Sam Lichtman in Forbes: Will Congress Succeed In Closing This Corporate Tax Loophole?


Congress recently passed new rules designed to remove the attractiveness of corporate tax inversions. Tax inversions are considered to be a strategy that corporations utilize to improve operational efficiencies and reduce their tax burden. Did Congress get it right? Will the new rules accomplish what the administration and many members of Congress desire?...

Today’s notice removes benefits of these “hopscotch” loans by providing that such loans are considered “U.S. property” for purposes of applying the anti-avoidance rule. The same dividend rules will now apply as if the CFC had made a loan to the U.S. parent prior to the inversion...

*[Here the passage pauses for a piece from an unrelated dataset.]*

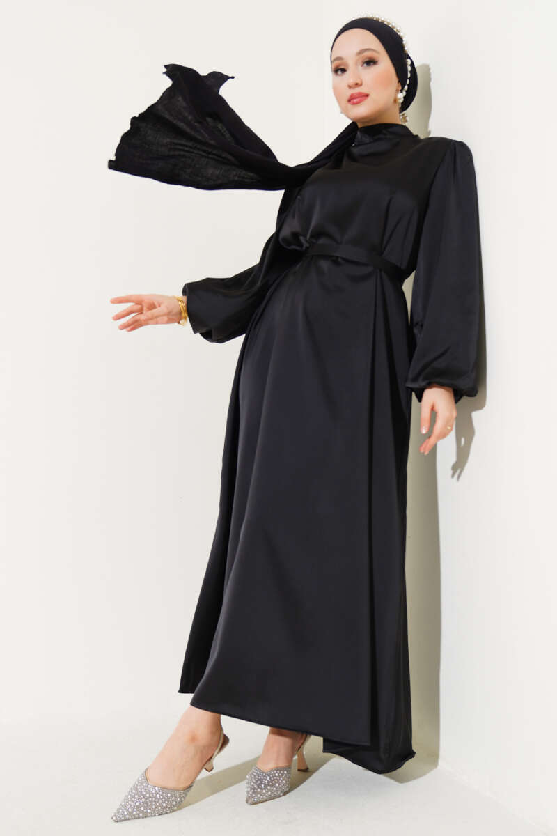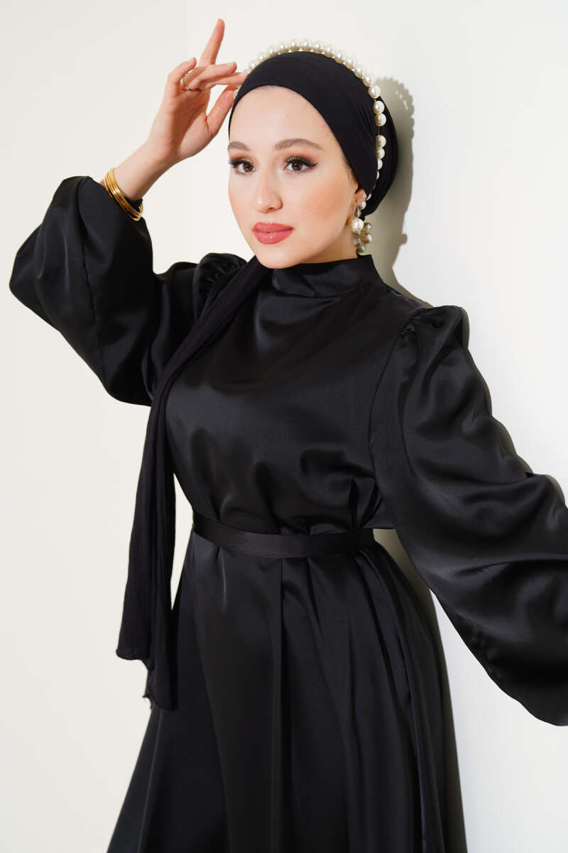 Saç Örgü Kabartmalı Triko Elbise Siyah

This rule attacks the so-called “hopscotch loans.” Are there ways to circumvent this rule. In other words, will corporations be able to identify strategies which allow them to continue reaping the benefits of inversions? Here’s what Sam Lichtman, a partner in the Tax Practice Group in the New York office of Haynes and Boone, LLP, had to say about it:

Under the Notice, “any obligation or stock of a foreign related person…will be treated as United States property” resulting in a deemed divided. One potential method to navigate around this rule may be for the cash rich foreign subsidiary to make an advance or prepayment to a foreign affiliate organized in a low-tax or tax haven jurisdiction for inter-company goods or IP or under certain prepaid derivative contracts. Although certain upfront payments are treated as “obligations” for purposes of these rules, there are categories of payments that would not be treated as giving rise to an “obligation.” Absent an inversion, these advance payments by the foreign subsidiary would be includible in income for U.S. tax purposes regardless of whether the payment is structured as a loan or deposit (giving rise to a deemed dividend) or as a business payable (giving rise to operating income). Thus the new notice does not entirely remove the benefits of an inversion with respect to certain “hopscotch” transactions.